RECORDS SHOWN ▸
# # # # # # #

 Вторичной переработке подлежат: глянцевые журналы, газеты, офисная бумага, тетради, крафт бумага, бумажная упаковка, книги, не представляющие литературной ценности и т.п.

# # # # # # #

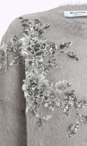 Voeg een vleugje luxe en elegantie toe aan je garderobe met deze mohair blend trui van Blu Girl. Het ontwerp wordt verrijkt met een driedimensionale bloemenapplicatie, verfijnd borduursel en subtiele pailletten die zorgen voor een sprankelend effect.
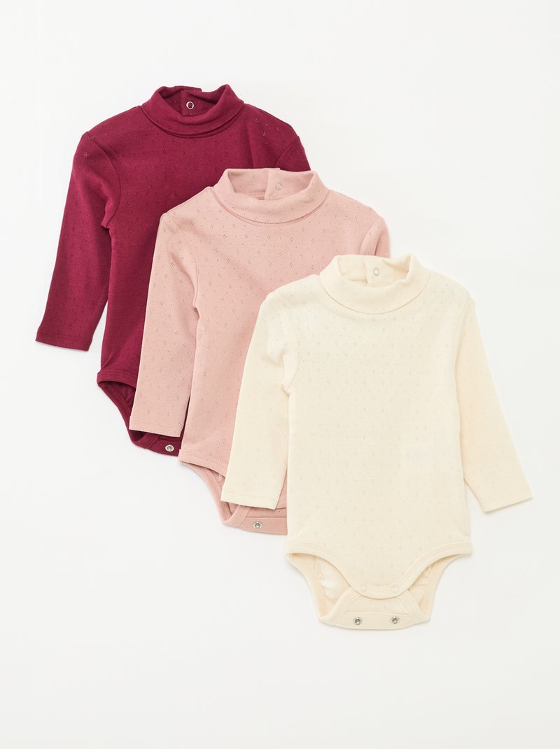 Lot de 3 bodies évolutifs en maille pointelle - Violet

# # # # # # #

WORK ITEM ▸ Look through the listing above for the line with "Voeg een vleugje" and the line with "Lot de 3 bodies". Write out exactly those lines and everything between, leaving out pictures.

EXPECTED ANSWER ▸
 Voeg een vleugje luxe en elegantie toe aan je garderobe met deze mohair blend trui van Blu Girl. Het ontwerp wordt verrijkt met een driedimensionale bloemenapplicatie, verfijnd borduursel en subtiele pailletten die zorgen voor een sprankelend effect.
 Lot de 3 bodies évolutifs en maille pointelle - Violet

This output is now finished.